銀行員のカーターが何者かに襲われ、攫われる。
MI6よってロンドンに呼び出された元フランス外人部隊出身のダン・ラグランは、旧友であるカーターを救うべく動き始める…。
イングリッシュマンと呼ばれる元フランス外人部隊(レジオン)出身のダン・ラグランの活躍を描いたサスペンス・アクション。
銀行員のカーターは何故、襲われ攫われたのか。
この辺りの謎的なものは、正直、謎というほどのものはありませんが、子気味良いアクションの連続で読ませます。
さて、主人公のラグランですが、一匹狼のようかと思っていたんですが、レジオンの掟など、仲間との絆や友情、そしてロシアから派遣された捜査員“氷の女王”ソロキナに惹かれる姿など、普通の男として人間味ある姿を見せてくれます。
また、有能ではありますがマーク・グリーニ―の“グレイマン”のような伝説的な強さを見せつけてくれる訳でも無く、意外に陽気なキャラクターでもあり、女性にもモテて、嫌味が無いのが逆に欠点のような気もします(笑)。

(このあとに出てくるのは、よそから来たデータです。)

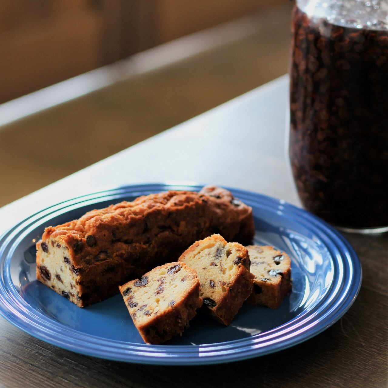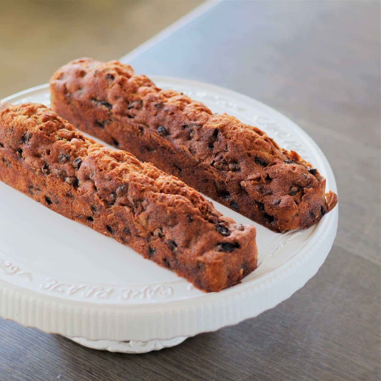 ラム酒に浸したモハベレーズンを混ぜて焼き上げ、仕上げにも香り豊かなラム酒をたっぷり浸しているので、しっとりとした食感、上品な甘さとなっています。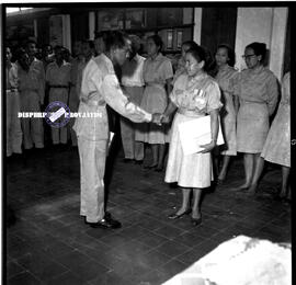 Item VI.64.3525 - Seorang pejabat sedang memberikan ucapan selamat atas penganugerahan bintang gerilya kepada Bu Darsih pegawai kantor Keresidenan Surabaya, 10 – 11 – 1964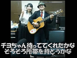 写真は、謎のおじさんアンブレラあつしの風に吹かれてから「ニッセイのおばちゃん」のCMソング"もくせいの花"。チヨちゃんは絶対待っててはくれない(笑)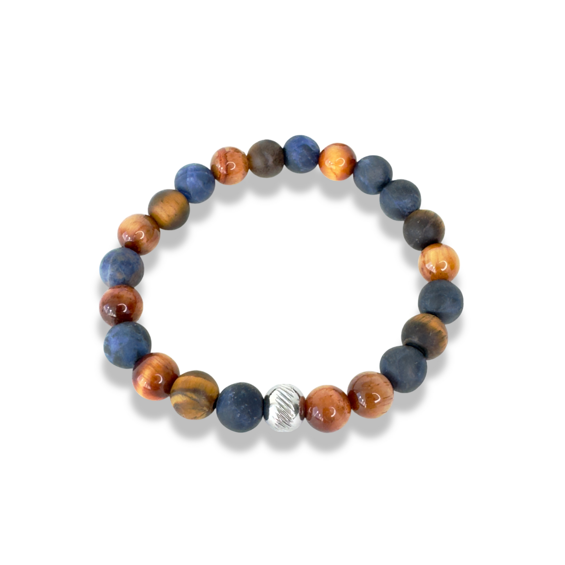 A mix of 8mm matte and polished tiger eye, 8mm matte lapis lazuli, and a stainless steel grooved accent.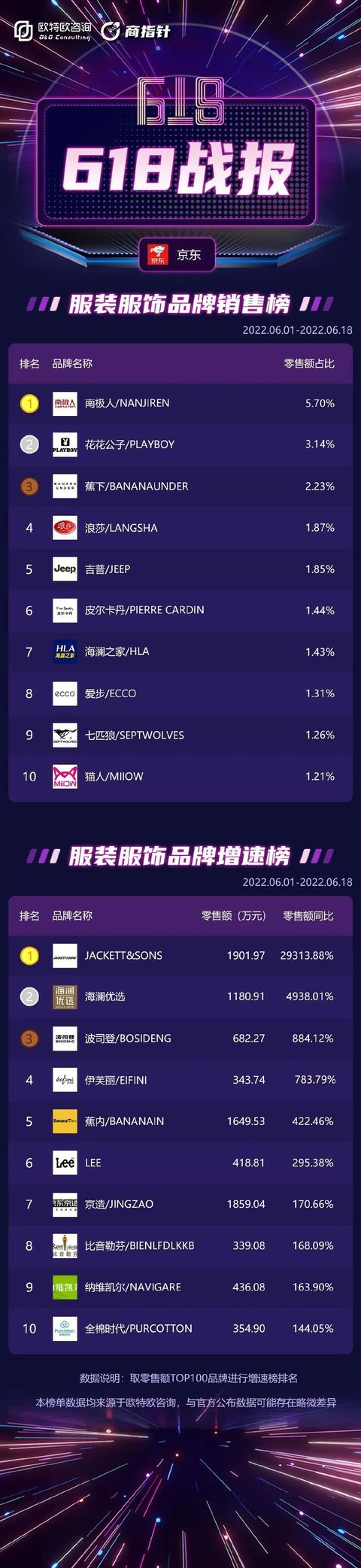 而在高增品牌榜單中,回歸京東的“波司登”、“海瀾優(yōu)選”榜上有名。而一些代表了實用主義、高品質、高效率的國產(chǎn)中產(chǎn)品牌“JACKETT & SONS”、“京造”和“全棉時代”迎來了高增長,不同于天貓平臺,更多男性服裝品牌占據(jù)了京東服裝服飾領域TOP10增長榜單。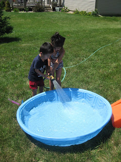 The kids are fighting over the hose in between sliding down the slide into the little pool. In a few weeks we will have our bigger pool blown up as we celebrate C's 6th birthday with her friends here. The pool has a small leak in it, so we thought we would wait to pull it out until her birthday party.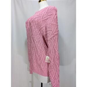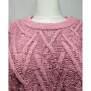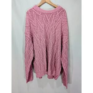 Free People Isla Cable Tunic Sweater Pink Frosting Women’s XL NWT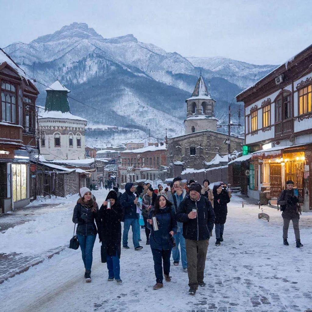 - Безопасно ли гулять по Владикавказу зимой вечером? Центр города безопасен для прогулок, хорошо освещён и патрулируется. Основные туристические маршруты — проспект Мира и набережная — комфортны для посещения до позднего вечера.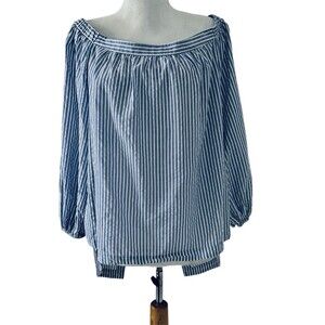 - Blue off shoulder mid sleeve.100% cotton. Size large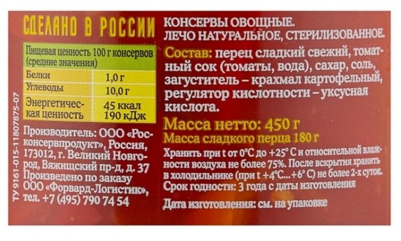 | Состав | перец сладкий свежий, томатный сок прямого отжима, сахар, томатная паста, соль, загуститель - крахмал картофельный, регулятор кислотности - уксусная кислота |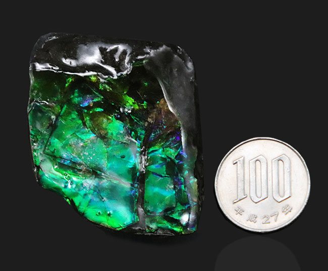 約45ミリの、まばゆいばかりに輝くグリーンのアンモライトのピースです。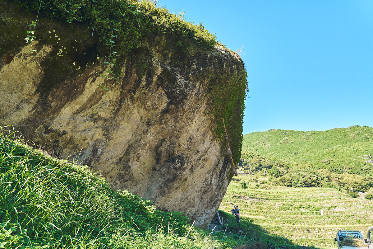 ▲棚田の中腹に鎮座する巨石には、しめ縄が巻かれている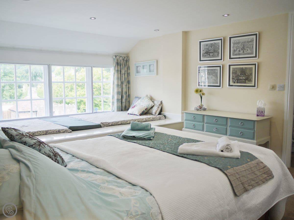 Abacus House boasts a very high specification, with a modern stylish kitchen and bathroom, but manages to retain its quirky stylish twists throughout. A large open plan living area leads through to a dining area, still housing the characterful open grate arts and crafts fireplace, and then to the kitchen, with its large feature windows throughout, letting the light flood through the whole of the ground floor. A staircase leads to an upper floor with its fun and interesting layout, including a bed and bathroom, along with a seating area complete with cushions to relax on and enjoy the view from the school windows.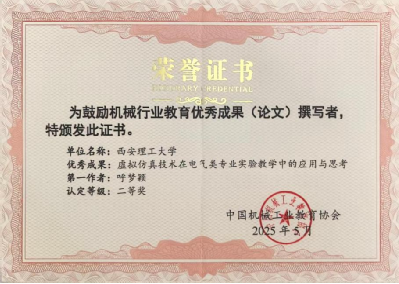 2.呼梦颖老师作为第一作者发表的教研论文《虚拟仿真技术在电气类专业实验教学中的应用与思考》获评优秀论文二等奖。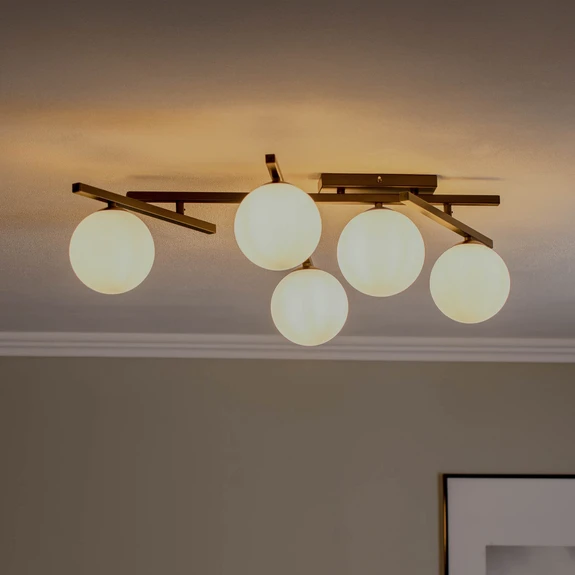 Taklampen Smart, svart/opal, 5 lyskilder, kombinerer moderne design med høy kvalitet. Denne lampen er laget av pulverlakkert stål og glass og passer perfekt inn i ulike rom, som stue, kjøkken, gang eller spisestue. Den stilige kombinasjonen av svart og opal finish gir ethvert rom et elegant preg.

加えて、攫われたカーターの妻、そして襲撃を受けた時にカーターと一緒にいて辛くも逃げる事ができたその息子に寄り添う姿も、ラグランの友情の厚さと熱を感じさせてくれます。
もっとも、実はこの辺り、自分はうがった読み方をしていたんですが、特に裏がある訳でも無かったので、個人的にはちょっと物足りなく思ったりも(笑)。
さて、序盤から中盤はロンドンにて、攫われたカーターを救うためのアクションが描かれていますが、終盤は自ら死地(ロシアの刑務所)に潜り込んで、カーターと家族、そして自分のために戦います。
この刑務所のくだりが最も危機感と緊迫感があって読み応えありました。
なので、この部分をもっと読んでみたかったなというのも率直な感想でもありますが、腕利きで情に厚いラグランの活躍をまた見てみたいので、続編にはより期待しています。
ところで、ラグランをサポートというか運転手役としてMI6から派遣されるアビーというエージェントが特にいいキャラクターでした。
ドライバーとしてロンドンの道を知り尽くしている様子、自宅に招いたラグランが両親と打ち解ける様子、ラグランに惹かれ、そしてラグランとロシアから来た捜査員に対して嫉妬したり、ラグランの役に立とうと逸る姿など、この物語の中で最も人間味溢れていて魅力的でした。
それだけに、彼女に対する仕打ちには、著者に文句の一つも言いたくなったりして(笑)。